For those speakers that present more complex loads with extremely low impedance, transistor amplifiers using "current damping" circuitry should be selected. Current damped amplifiers continue to deliver more and more current until the impedance becomes vanishingly low. Typically, such amplifiers will only shut down if there is a short circuit or if thermal instability is reached.

We <in the store> have both solid-state amplifiers with damping and current limiting, so when a customer wants a tranisistor amplifier, we try to choose the right one for their speakers.

How do I know if it plays with the lamp or not?

You can easily tell if a tube speaker sounds bad if you ... listen to it! Of course, we recommend that you learn as much data as possible so that you don't waste time listening to obviously ill-fitting tube options, but when it comes to making a choice, the only way to find the right speaker is to listen to it. The sound of a poorly matched speaker when connected to a tube amplifier is usually characterized by one or more of the following sonic characteristics:

The above traits are especially pronounced on single-cycle triode amplifiers. Some speakers are push-pull friendly, but not single-cycle friendly. Two-cycle amplifiers, even with low power ratings, can generally handle more demanding or capacitive loads than single-cycle amplifiers. If in doubt, listen to the amplifier and the speakers you plan to pair before you buy.

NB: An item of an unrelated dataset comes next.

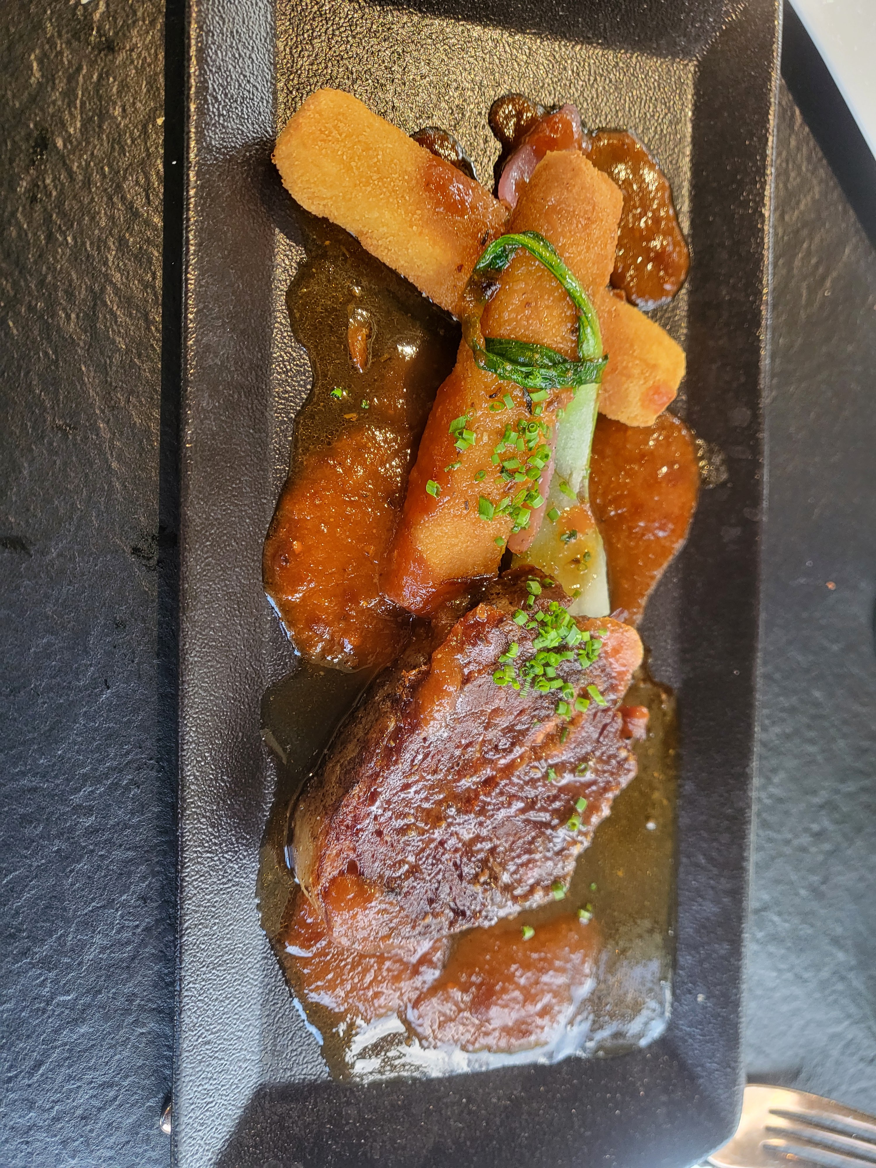 Nous avons mangé un repas excellent, le boeuf comme les st jacques etaient divin. De bons conseils sur les vins. Les prix sont un peu élevés mais ça valait vraiment le coût et on reviendra avec grand plaisir. L'accueil était parfait et l'ambiance intérieure calme et chaleureux. Je recommande +++

As you can see, understanding the measurable characteristics of audio equipment is fundamental to building a good Hi-Fi system, whether you plan to use a tube or transistor amplifier. It is difficult to make generalizations about the quality of a given speaker or amplifier in terms of its measurements alone. There are many great speakers that are extremely high load for an amplifier and just don't come close to a tube. On the other hand, there are speakers that are easily driven and are a mild load, but may not be the best examples of speakers to be found in our industry. As has been discussed in magazines and forums for years, you can't make a simple correlation between measurements and performance. However, we believe that to ignore measurements is to limit the performance of one's equipment.